Thomas Cooke, in "The Battle of the Poets" Tales, Epistles, Odes, Fables (1729) 130-32.



Pope, as recover'd by some magic Gift,
Once more in Arms appear'd sustain'd by Swift;
Whose Art restor'd the Hero to the Plain,
Unkind restor'd him but to fall again.
So from the Wounds of Love a Beau I've seen
Fresh flutt'ring by the Pill of * * *
But hear'd, e're many Suns, the Wretch complain
Of the cur'd Emp'ric, and returning Pain.

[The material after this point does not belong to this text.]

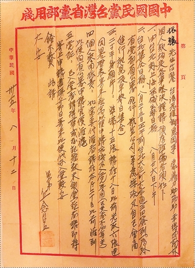 从1946年6月起,丘念台奔走于各市县,邀集各地知名人士15人组成“谢恩团”,由省议员林献堂担任团长。此信就是“谢恩团”临行前夕,丘念台为筹划安排出发事宜给台湾抗日义士姜绍祖之子、新竹县参议员姜振骧所写的信函。信中,从出发行程到团员个人资料准备,再到个人旅费汇寄,各项细节都做了精心安排。

Welsted with Vigilance observ'd his Course,
And for the Fight collected all his Force;
Forward he sprung to meet the approaching Foe,
Eager his Antagonist to know,
Resolv'd with him to try his Fate,
With him of whom Report had spoke so great.
Pope met him near, and the Assault began,
Just to the Counsel of the sable Man;
But Welsted, to distinguish Right from Wrong,
Proceeded to the Merits of his Song,
When fled the maudlin and unmeaning Lay,
As Darkness flys before the Face of Day.
Pope sees the Danger, and incites the Croud,
Who for their Chief grow mutinous and loud.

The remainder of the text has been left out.